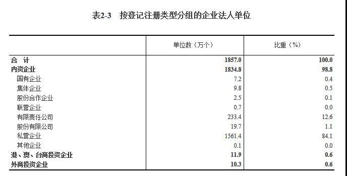 2018年末,全國(guó)共有第二產(chǎn)業(yè)和第三產(chǎn)業(yè)的企業(yè)法人單位1857.0萬(wàn)個(gè),比2013年末增加1036.2萬(wàn)個(gè),增長(zhǎng)126.2%。其中,內(nèi)資企業(yè)占98.8%,港、澳、臺(tái)商投資企業(yè)占0.6%,外商投資企業(yè)占0.6%。內(nèi)資企業(yè)中,國(guó)有企業(yè)占全部企業(yè)法人單位的0.4%,私營(yíng)企業(yè)占84.1%(詳見(jiàn)表2-3)。
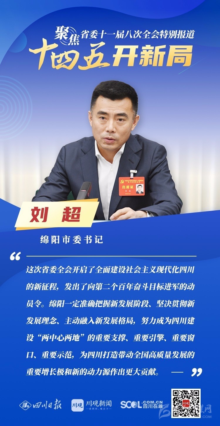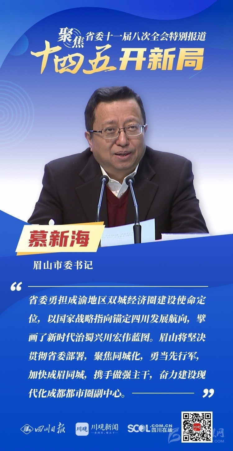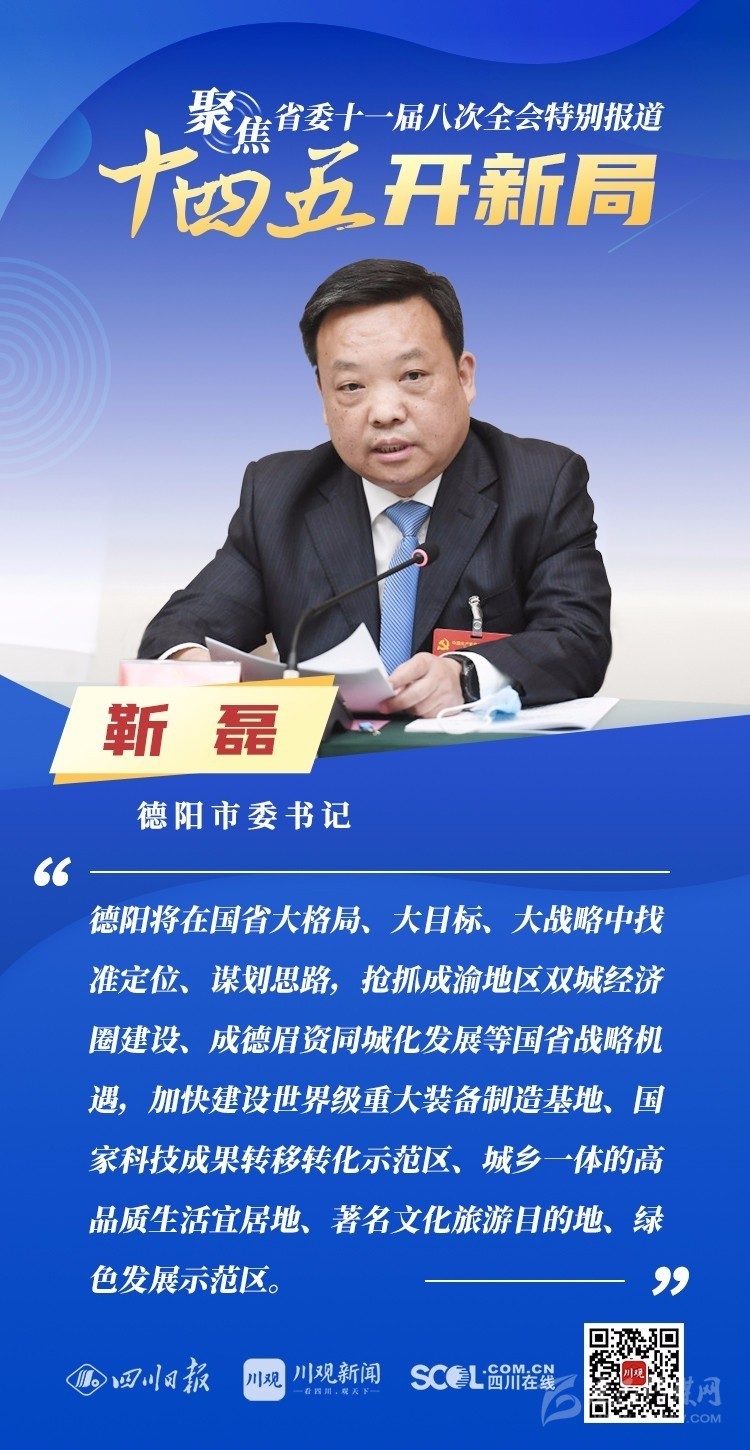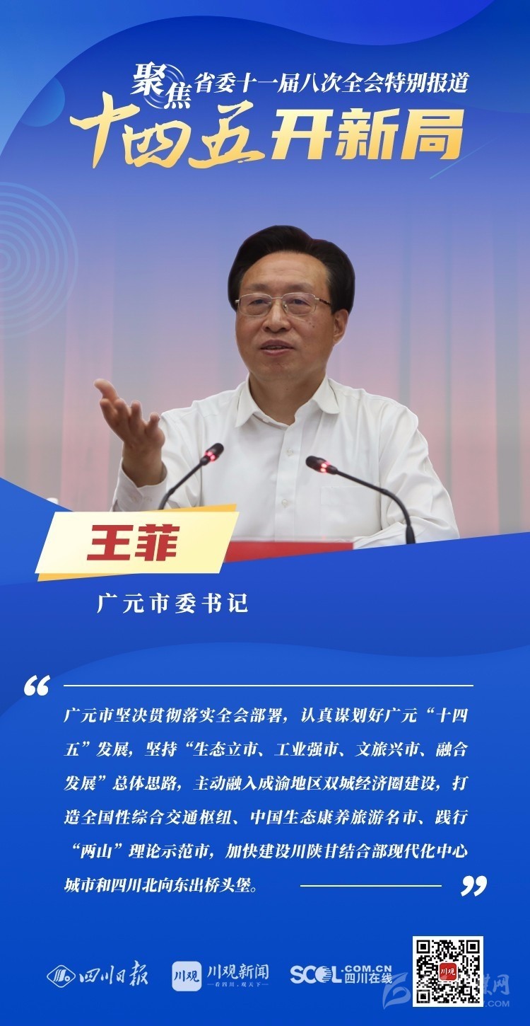 12月3日,中共四川省委十一屆八次全會(huì)在成都開幕,全會(huì)將深入學(xué)習(xí)貫徹黨的十九屆五中全會(huì)精神,審議《中共四川省委關(guān)于制定四川省國民經(jīng)濟(jì)和社會(huì)發(fā)展第十四個(gè)五年規(guī)劃和二〇三五年遠(yuǎn)景目標(biāo)的建議(討論稿)》,為未來5年乃至更長(zhǎng)時(shí)期四川發(fā)展謀劃新藍(lán)圖 。
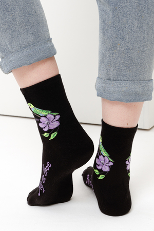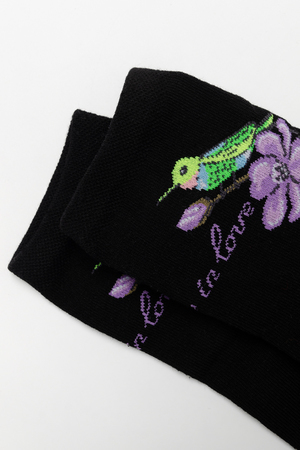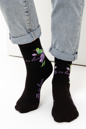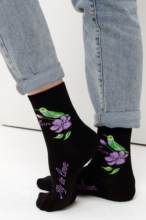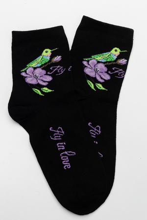 Красивые женские носочки с изображением колибри и надписью. В упаковке 1 пара
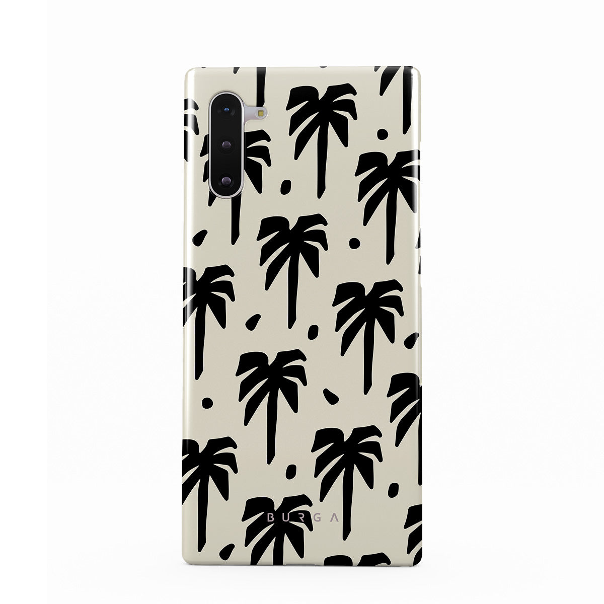 A peaceful haven right at your fingertips. The design contrasts black palm silhouettes against a calming light backdrop. Our Paraíso Samsung Galaxy Note 10 phone case is your passport to an everlasting tropical escape.

_ _ _ _

_Required work_
An exact copy of the lines from the line containing "Красивые женские носочки" through the final line of the listing, without pictures, is the expected result.

_Task response_
 Красивые женские носочки с изображением колибри и надписью. В упаковке 1 пара
 A peaceful haven right at your fingertips. The design contrasts black palm silhouettes against a calming light backdrop. Our Paraíso Samsung Galaxy Note 10 phone case is your passport to an everlasting tropical escape.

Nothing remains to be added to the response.